### PROBLEM STATEMENT
Once the images are removed, repeat all of the entries exactly.

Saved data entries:
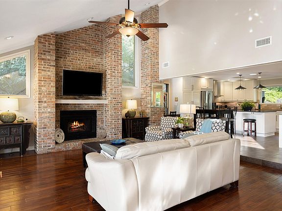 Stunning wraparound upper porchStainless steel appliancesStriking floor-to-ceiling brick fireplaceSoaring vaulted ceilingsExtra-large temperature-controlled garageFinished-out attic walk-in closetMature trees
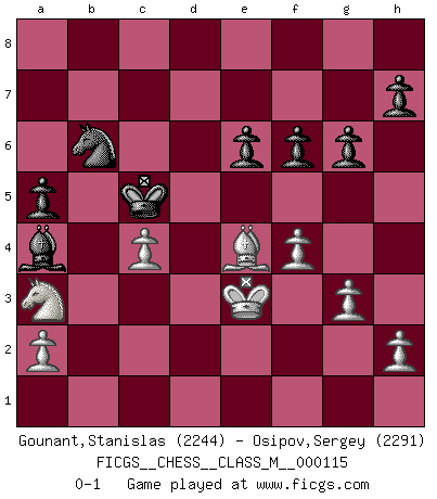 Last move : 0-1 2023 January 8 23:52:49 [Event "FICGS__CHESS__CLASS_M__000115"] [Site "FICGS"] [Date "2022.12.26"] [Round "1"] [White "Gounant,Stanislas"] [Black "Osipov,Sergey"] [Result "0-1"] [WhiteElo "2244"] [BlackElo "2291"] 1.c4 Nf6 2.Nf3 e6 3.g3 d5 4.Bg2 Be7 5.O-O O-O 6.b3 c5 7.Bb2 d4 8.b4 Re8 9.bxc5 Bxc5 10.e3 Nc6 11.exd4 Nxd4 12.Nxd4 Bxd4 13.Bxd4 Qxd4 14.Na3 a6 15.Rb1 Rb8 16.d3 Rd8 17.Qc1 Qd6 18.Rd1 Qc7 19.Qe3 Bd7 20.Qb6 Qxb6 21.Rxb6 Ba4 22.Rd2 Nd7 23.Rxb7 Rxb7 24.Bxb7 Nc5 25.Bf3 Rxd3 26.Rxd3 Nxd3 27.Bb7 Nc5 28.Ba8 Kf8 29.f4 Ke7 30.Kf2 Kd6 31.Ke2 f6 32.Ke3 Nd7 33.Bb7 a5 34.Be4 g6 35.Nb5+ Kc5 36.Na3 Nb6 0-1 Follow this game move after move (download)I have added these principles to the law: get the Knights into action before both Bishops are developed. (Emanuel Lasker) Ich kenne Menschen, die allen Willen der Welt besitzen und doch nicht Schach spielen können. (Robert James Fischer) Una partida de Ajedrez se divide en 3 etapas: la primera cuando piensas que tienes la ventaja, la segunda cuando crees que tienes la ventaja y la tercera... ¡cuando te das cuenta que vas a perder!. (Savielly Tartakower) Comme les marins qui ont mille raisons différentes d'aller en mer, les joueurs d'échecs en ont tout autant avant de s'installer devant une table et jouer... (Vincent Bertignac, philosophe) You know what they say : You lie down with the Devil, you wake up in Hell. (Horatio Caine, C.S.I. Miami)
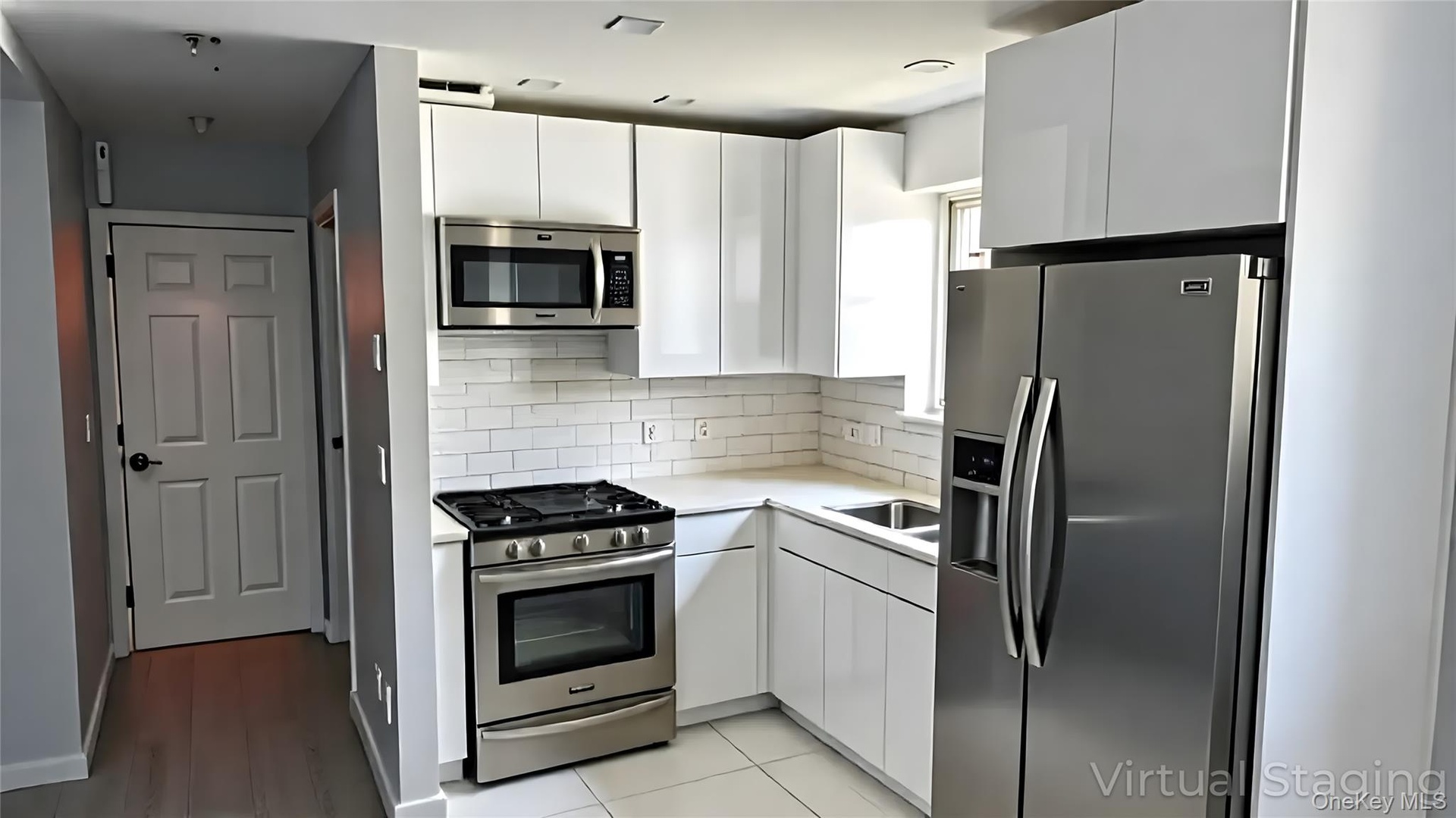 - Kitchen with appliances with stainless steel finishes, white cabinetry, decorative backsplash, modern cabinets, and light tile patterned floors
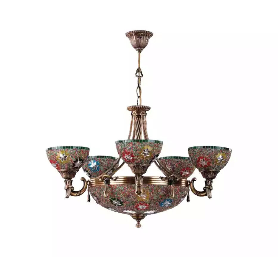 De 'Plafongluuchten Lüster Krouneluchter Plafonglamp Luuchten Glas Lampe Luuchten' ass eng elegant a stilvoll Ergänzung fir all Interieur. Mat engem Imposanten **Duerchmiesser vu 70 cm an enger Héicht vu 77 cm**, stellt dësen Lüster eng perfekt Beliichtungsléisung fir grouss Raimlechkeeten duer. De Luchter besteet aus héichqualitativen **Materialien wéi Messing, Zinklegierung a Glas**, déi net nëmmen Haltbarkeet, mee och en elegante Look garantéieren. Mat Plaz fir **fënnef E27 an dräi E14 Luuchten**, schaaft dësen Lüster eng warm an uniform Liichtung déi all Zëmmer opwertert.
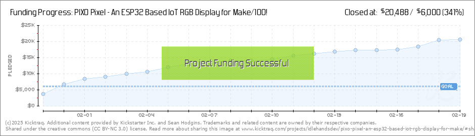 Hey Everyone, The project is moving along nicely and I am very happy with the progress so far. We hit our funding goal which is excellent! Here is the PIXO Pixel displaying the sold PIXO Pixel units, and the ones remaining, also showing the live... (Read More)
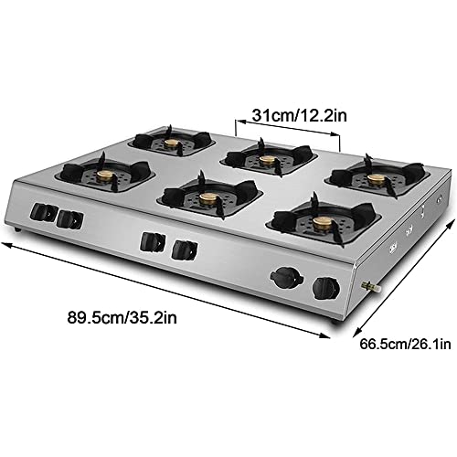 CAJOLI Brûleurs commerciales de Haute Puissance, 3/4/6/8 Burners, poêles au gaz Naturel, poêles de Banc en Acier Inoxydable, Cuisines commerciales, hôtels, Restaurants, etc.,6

### YOUR SOLUTION
 Stunning wraparound upper porchStainless steel appliancesStriking floor-to-ceiling brick fireplaceSoaring vaulted ceilingsExtra-large temperature-controlled garageFinished-out attic walk-in closetMature trees
 Last move : 0-1 2023 January 8 23:52:49 [Event "FICGS__CHESS__CLASS_M__000115"] [Site "FICGS"] [Date "2022.12.26"] [Round "1"] [White "Gounant,Stanislas"] [Black "Osipov,Sergey"] [Result "0-1"] [WhiteElo "2244"] [BlackElo "2291"] 1.c4 Nf6 2.Nf3 e6 3.g3 d5 4.Bg2 Be7 5.O-O O-O 6.b3 c5 7.Bb2 d4 8.b4 Re8 9.bxc5 Bxc5 10.e3 Nc6 11.exd4 Nxd4 12.Nxd4 Bxd4 13.Bxd4 Qxd4 14.Na3 a6 15.Rb1 Rb8 16.d3 Rd8 17.Qc1 Qd6 18.Rd1 Qc7 19.Qe3 Bd7 20.Qb6 Qxb6 21.Rxb6 Ba4 22.Rd2 Nd7 23.Rxb7 Rxb7 24.Bxb7 Nc5 25.Bf3 Rxd3 26.Rxd3 Nxd3 27.Bb7 Nc5 28.Ba8 Kf8 29.f4 Ke7 30.Kf2 Kd6 31.Ke2 f6 32.Ke3 Nd7 33.Bb7 a5 34.Be4 g6 35.Nb5+ Kc5 36.Na3 Nb6 0-1 Follow this game move after move (download)I have added these principles to the law: get the Knights into action before both Bishops are developed. (Emanuel Lasker) Ich kenne Menschen, die allen Willen der Welt besitzen und doch nicht Schach spielen können. (Robert James Fischer) Una partida de Ajedrez se divide en 3 etapas: la primera cuando piensas que tienes la ventaja, la segunda cuando crees que tienes la ventaja y la tercera... ¡cuando te das cuenta que vas a perder!. (Savielly Tartakower) Comme les marins qui ont mille raisons différentes d'aller en mer, les joueurs d'échecs en ont tout autant avant de s'installer devant une table et jouer... (Vincent Bertignac, philosophe) You know what they say : You lie down with the Devil, you wake up in Hell. (Horatio Caine, C.S.I. Miami)
 - Kitchen with appliances with stainless steel finishes, white cabinetry, decorative backsplash, modern cabinets, and light tile patterned floors
 De 'Plafongluuchten Lüster Krouneluchter Plafonglamp Luuchten Glas Lampe Luuchten' ass eng elegant a stilvoll Ergänzung fir all Interieur. Mat engem Imposanten **Duerchmiesser vu 70 cm an enger Héicht vu 77 cm**, stellt dësen Lüster eng perfekt Beliichtungsléisung fir grouss Raimlechkeeten duer. De Luchter besteet aus héichqualitativen **Materialien wéi Messing, Zinklegierung a Glas**, déi net nëmmen Haltbarkeet, mee och en elegante Look garantéieren. Mat Plaz fir **fënnef E27 an dräi E14 Luuchten**, schaaft dësen Lüster eng warm an uniform Liichtung déi all Zëmmer opwertert.
 Hey Everyone, The project is moving along nicely and I am very happy with the progress so far. We hit our funding goal which is excellent! Here is the PIXO Pixel displaying the sold PIXO Pixel units, and the ones remaining, also showing the live... (Read More)
 CAJOLI Brûleurs commerciales de Haute Puissance, 3/4/6/8 Burners, poêles au gaz Naturel, poêles de Banc en Acier Inoxydable, Cuisines commerciales, hôtels, Restaurants, etc.,6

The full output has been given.